Der Versorgungsausgleich teilt die während der Ehe erworbenen Rentenanwartschaften beider Ehegatten hälftig auf. Er ist nach § 137 FamFG Standardverfahren und wird vom Amtsgericht Karlsruhe als Familiengericht von Amts wegen durchgeführt. Bei Ehen unter drei Jahren erfolgt der Ausgleich nur auf Antrag (§ 3 VersAusglG). Eheverträge können ihn beschränken oder ausschließen, sofern keine Sittenwidrigkeit vorliegt. Die Versorgungsträger, etwa die Deutsche Rentenversicherung Baden-Württemberg mit Sitz in Karlsruhe, übermitteln die Anwartschaften direkt an das Gericht.

Beim gesetzlichen Güterstand der Zugewinngemeinschaft nach § 1363 BGB bleibt das Vermögen der Ehegatten während der Ehe getrennt. Bei der Scheidung wird nach § 1378 BGB der während der Ehe erzielte Vermögenszuwachs beider verglichen. Wer mehr Zugewinn erzielt hat, muss die Hälfte der Differenz als Ausgleich zahlen. Stichtage sind der Tag der Eheschließung (Anfangsvermögen) und die Zustellung des Scheidungsantrags (Endvermögen). Verbindlichkeiten werden berücksichtigt. In Karlsruhe sind häufig Immobilienwerte streitig, weshalb Gutachten notwendig werden können.

§ 1565 Abs. 2 BGB lässt eine Scheidung vor Ablauf des Trennungsjahres zu, wenn die Fortsetzung der Ehe für den antragstellenden Ehegatten eine unzumutbare Härte darstellt, die in der Person des anderen Ehegatten begründet ist. Anerkannt werden etwa schwere häusliche Gewalt, schwere Misshandlungen oder ein Ehebruch mit Schwangerschaft eines Dritten. Bloße Streitigkeiten oder Untreue genügen nicht. Das Amtsgericht Karlsruhe prüft solche Anträge streng und verlangt konkrete Nachweise. Eine anwaltliche Einschätzung vor Antragstellung ist daher unverzichtbar.

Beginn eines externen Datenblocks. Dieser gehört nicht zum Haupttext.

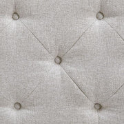 Contemporary style gets practical with this bench. The tufted beige seat cushion is hinged to allow easy access to whatever you need to hide in plain sight. Raised edges give the impression of arms, while the light brown finished wood legs help it blend with many different modern styles.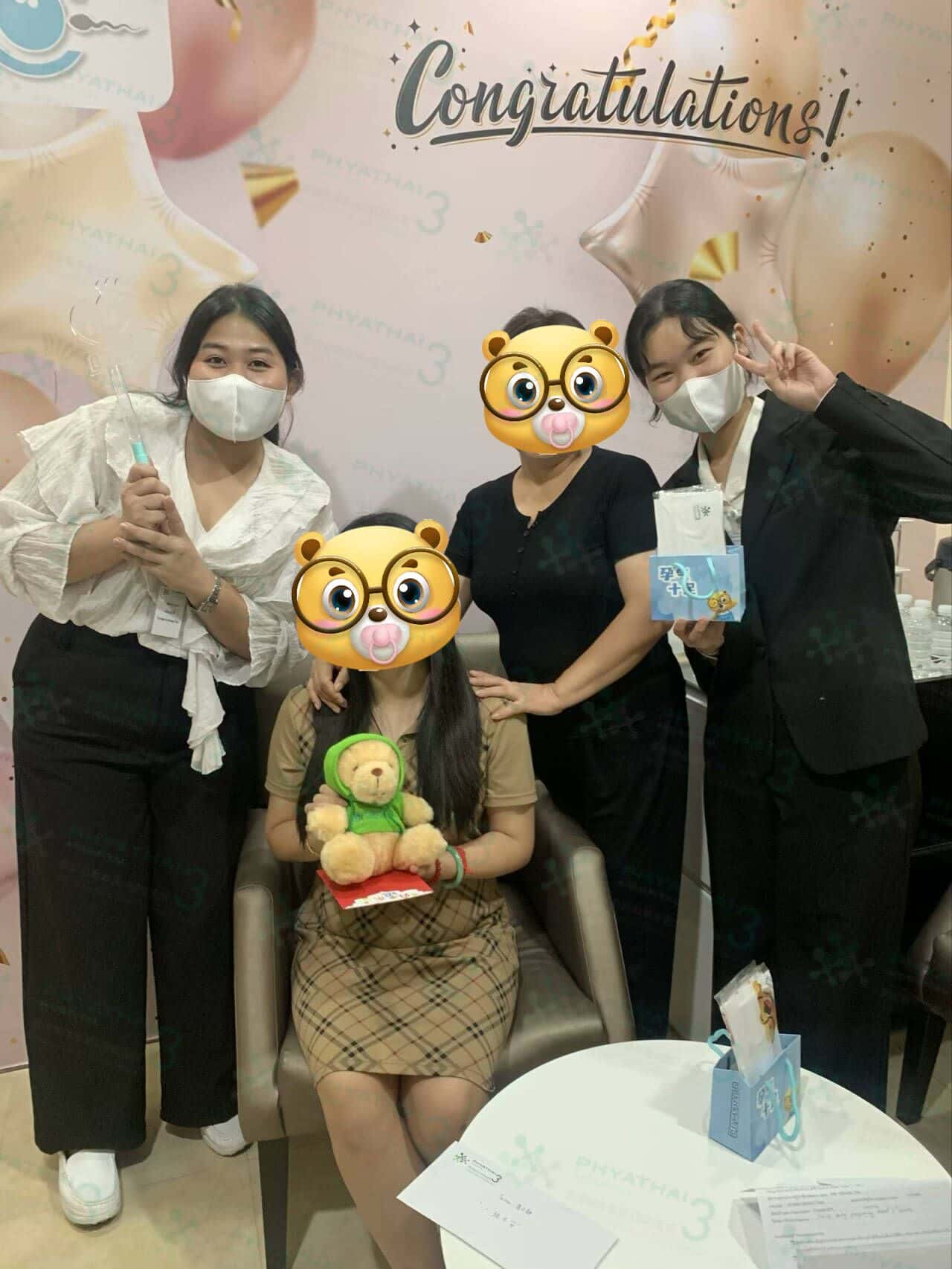 姐妹们你好,我们女士今天验孕成功啦 ,这次我们女士有我和慈萍当女士的翻译 ,我是生活翻译,慈萍是医疗翻译,女士是5月24号来泰国做促排的,我们女士是个很可爱的人,来到泰国了有一天女士去医院见诊,女士就问慈萍了思远在哪儿里呢?为什么这几天没看到思远呢?,慈萍就说思远是生病了,所以没来工作,女士就在群里每天问我,思远你好点了吗?,思远今天感觉怎么样?,思远多喝热水哈,好贴心呀,真的很可爱,取卵完了之后女士就回国啦,7月27号两个月之后女士就飞到泰国来移植了,移植后我们等了好几天就要验孕了哦,那天女士早上8.30就到医院抽血检查一下,等了一个半小时结果就出来啦,我们女士成功了,可以带着宝宝一起回国啦,女士说;因为我们医院的小熊很可爱,所以吸引了女士来我们医院做试管的,终于有了自己的小熊了,好开心,我们听女士这么说都是很开心,我们祝女士和宝宝,健健康康,平平安安,顺顺利利的哈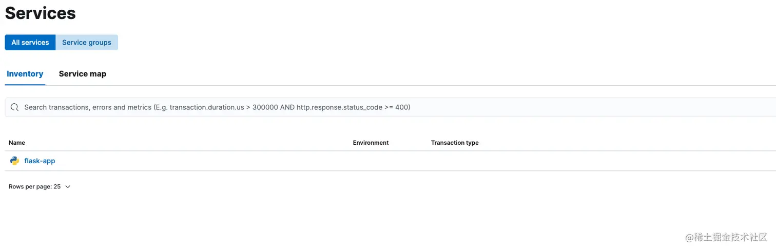 添加 Elastic APM 依赖项很简单 —— 检查 github 存储库中的 app.py 文件,你会注意到以下代码行。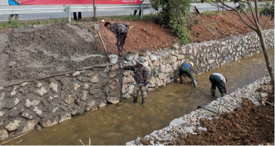 在弋阳县大数据发展服务中心漆工镇洋泥畈生态清洁小流域治理建设项目施工现场,挖掘机正在开挖渠道,工人忙着挡土墙砌筑,浇灌水泥,一派紧张有序的施工场景。此前,该沟渠狭窄,淤积严重,杂草丛生,严重影响群众生产、生活。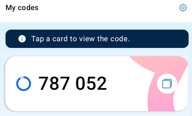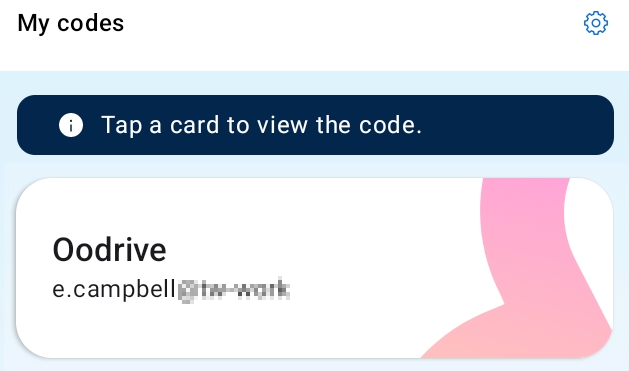 Tap the card showing your Oodrive account to obtain a one-time login code. This code is valid for 30 seconds.

Ein Ehevertrag regelt güterrechtliche und unterhaltsrechtliche Fragen vorausschauend und kann Streit im Scheidungsfall reduzieren. Sinnvoll ist er etwa bei Unternehmerinnen und Unternehmern, bei großen Vermögensunterschieden oder internationalen Konstellationen, wie sie im grenznahen Karlsruhe häufig vorkommen. Der Vertrag muss notariell beurkundet werden (§ 1410 BGB). Inhaltlich darf er nicht sittenwidrig sein; eine einseitige Benachteiligung kann vom Oberlandesgericht Karlsruhe kassiert werden. Möglich ist der Abschluss vor und während der Ehe sowie als Scheidungsfolgenvereinbarung.

Eine einvernehmliche Scheidung am Amtsgericht Karlsruhe dauert in der Regel vier bis sechs Monate nach Einreichung des Antrags, sofern keine streitigen Folgesachen anhängig sind. Der Versorgungsausgleich verlängert das Verfahren häufig, weil die Auskünfte der Versorgungsträger mehrere Monate beanspruchen. Bei streitigen Verfahren mit Unterhalt, Sorgerecht oder Zugewinn kann sich die Dauer auf ein bis zwei Jahre erhöhen. Gegen den Scheidungsbeschluss ist innerhalb eines Monats Beschwerde zum Oberlandesgericht Karlsruhe möglich (§ 63 FamFG).